I folded my hands on the table in front of me. “I didn’t need to. Alice offered the information. Besides, one morning of visiting neighbors does not an investigation make.”

“Which isn’t to say you’re not investigating. You know, one of these days . . .” Again, he pointed with the stirrer, but this time at me. “You’re going to poke the wrong person.”

“I’ll take my chances,” I assured him, then went ahead and took chance number one by asking, “What did you see last night?”

Now, this might seem like a perfectly ordinary and reasonable question, but believe me, I knew I was treading on not-so-solid ground. What Levi had—and hadn’t—told the police about the night of Peter’s murder had landed Levi in hot water for a while. See, that snowy night when Peter was killed, Levi did see something from across the street, but he kept that something a secret. As it turned out, he had his reasons and they were good ones, but they made him look like a suspect and even landed him in jail for a night.

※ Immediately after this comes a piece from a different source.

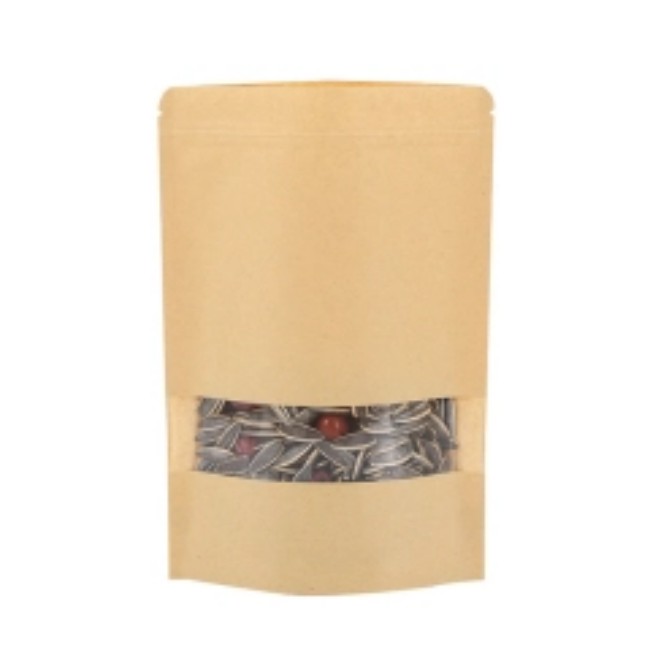 Kraft window doypacks with ziplock for snacks, nuts, coffee, tea and powders. PE/PAPER/PE laminate delivers moisture resistance and sturdy shelf display; optional clear window for on-shelf visibility.
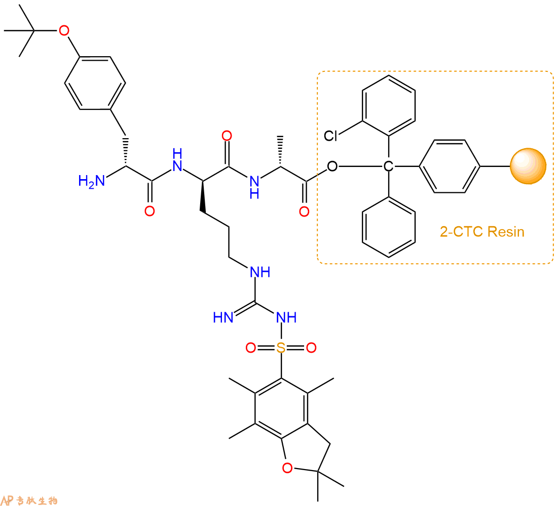最后再经过步骤二得到 H2N-DTyr(tBu)-DArg(Pbf)-DAla-CTC Resin,结构如下:

Did that stop me from asking what he saw? Obviously not, and just to prove it, when Levi didn’t answer quickly enough I asked again. “You were behind the bar all night, Levi. At least until the fireworks started. And Richie was there all night, too. He helped you before the show, didn’t he? I heard he was bringing up cases of beer from the basement, and refilling the ice. Do you think Richie is the one who tampered with the guillotine?”

“I don’t think anything, because I don’t know anything.”

“So you’re telling me you never saw Richie go near the stage.”

He cupped both his hands around his coffee. “I’m telling you that Hank was at the bar until the wee hours of the morning and I went over everything with him. A couple times, as a matter of fact. He came by again this morning and we talked about it all again.”

“And you’re telling me that if you had anything to say, you already told it to Hank.”

“I am.”

“And while you’re at it, you’re telling me to mind my own business.”